Sin embargo, no todos los ventisqueros son tan accesibles. Para llegar a uno de los glaciares de las montañas interiores, recorrimos en coche una larga pista, cruzamos a su final un puente sólo para peatones, y, desde un aeródromo local (una línea abierta en el bosque), nos llevaron en avioneta hasta el borde de un río, donde aterrizamos directamente sobre la arena de la orilla. El avión se fue y cruzamos a pie el río.
Cuando nos secábamos en la margen opuesta vimos con curiosidad que el suelo estaba plagado de huellas de oso tan claramente recientes y grandes que era mejor no comentarlas. El tránsito por el glaciar resplandeciente, surcado por arroyos y cascadas transparentes –se los oía más que veía–, no fue difícil. A la vuelta a sus morrenas, aún más pisoteadas que la riberas próximas por lo que tenía que ser una familia bien numerosa de «grizzlies», sentimos una inquietud mayor que entre las grietas. En eso consiste la fuerza de esta tierra: la soledad –o la latente compañía– en un mundo amplio e indomesticado, en el mundo aún de ellos.
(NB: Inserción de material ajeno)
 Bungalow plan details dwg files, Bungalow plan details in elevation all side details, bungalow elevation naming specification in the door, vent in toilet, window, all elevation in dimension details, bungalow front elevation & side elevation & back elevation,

Donde termina el camino se extienden bosques salvajes, pantanos, montañas escarpadas con crestas, largos valles solitarios, amplios terrenos muy difícilmente transitables, ríos sin puentes con el tumulto del deshielo que no parece que hay por donde cruzarlos. De pronto, entre las densas, altas, infinitas masas de coníferas, una casa aislada, con su pequeña pista de aterrizaje. Detrás hay los más desolados, brillantes, silenciosos campos de hielo entre afiladas cordilleras, las más hermosas montañas envueltas en nubes, cientos y cientos de aristas de rocas verticales, doradas por la luz de la inacabable tarde boreal, de nieves suspendidas, de cimas en arquitecturas congeladas, con cornisas de hielo azul sobre el vacío.
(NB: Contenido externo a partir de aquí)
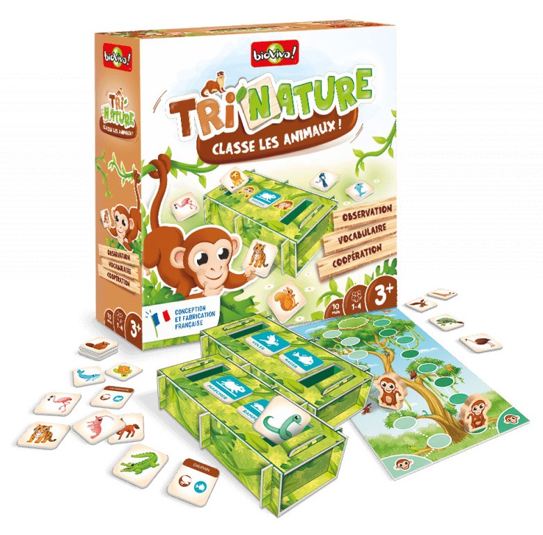 Comment jouer ? Dans ce jeu, les joueurs trient ou classent les animaux selon leur enveloppe corporelle ou leurs modes de déplacement. Si un animal a été correctement trié ou classé, le pion « Singe malicieux » monte d’une case sur le plateau « Arbre à singe », sinon, c’est le pion « Singe ronchon » qui progresse. Si le petit singe malicieux arrive plus haut dans l’arbre que le singe ronchon, les enfants gagnent la partie.

¡Tantas veces había soñado con estar en un mundo así! Quién tuviera una vida más para dedicársela a esos bosques, a estas montañas, conocidas ya tan tarde. Nada sabemos del mundo si no vemos alguna vez esos paisajes suspendidos donde la belleza habita en absoluta exclusividad, si alguna vez no sentimos su aire extremadamente frío, si no escuchamos, al detenernos, el silencio total del universo antes o al principio de la vida. Ahora estoy sacando materialmente de mí mismo esas montañas o esa sustancia que ya es parte de mí.
Pero además, gracias a los escritos de John Muir, recupero las imágenes de los paisajes desaparecidos, de un atardecer pasado hace más de cien años en el que los brillos del hielo se iban apagando como estrellas hundidas en el horizonte. Imagino con él la extensión simultánea que nadie ve de ese breve fulgor de diamantes por todos los glaciares de Alaska. Oigo en sus páginas la música del agua que corre sobe el hielo, veo el intenso azul de sus lagos –«los más hermosos de todas las cuencas acuáticas naturales»–, participo en la visión de un arco iris blanco y de unas fugaces auroras boreales, retenidos en el tiempo por su pluma: «era tan brillante –escribe–, hermosa, sólida y homogénea, que imaginé que sería necesario recoger todas las estrellas juntas, mezclarlas y fundirlas en un taller celestial de laminaje para obtener aquel resplandeciente y colosal puente blanco». Y participo en su excitación cuando, después de estas visiones, dice: «regresé a mi cabaña, avivé el fuego, me calenté un poco y me preparé para ir a la cama, aunque demasiado feliz y rico en auroras como para dormirme».
Comparto especialmente con Muir su sentido del humor al criticar a un amigo, escéptico capitán de barco que no concedía gran importancia a estos paisajes: «le dije que debería reformarse, pues un hombre que no creía ni en Dios ni en los glaciares debía ser muy malvado, en verdad el peor de todos los incrédulos».

1Hay una reedición del libro donde cuenta estas aventuras: John Muir, Travels in Alaska, Boston, Mariner Books, 1998, 325 pags.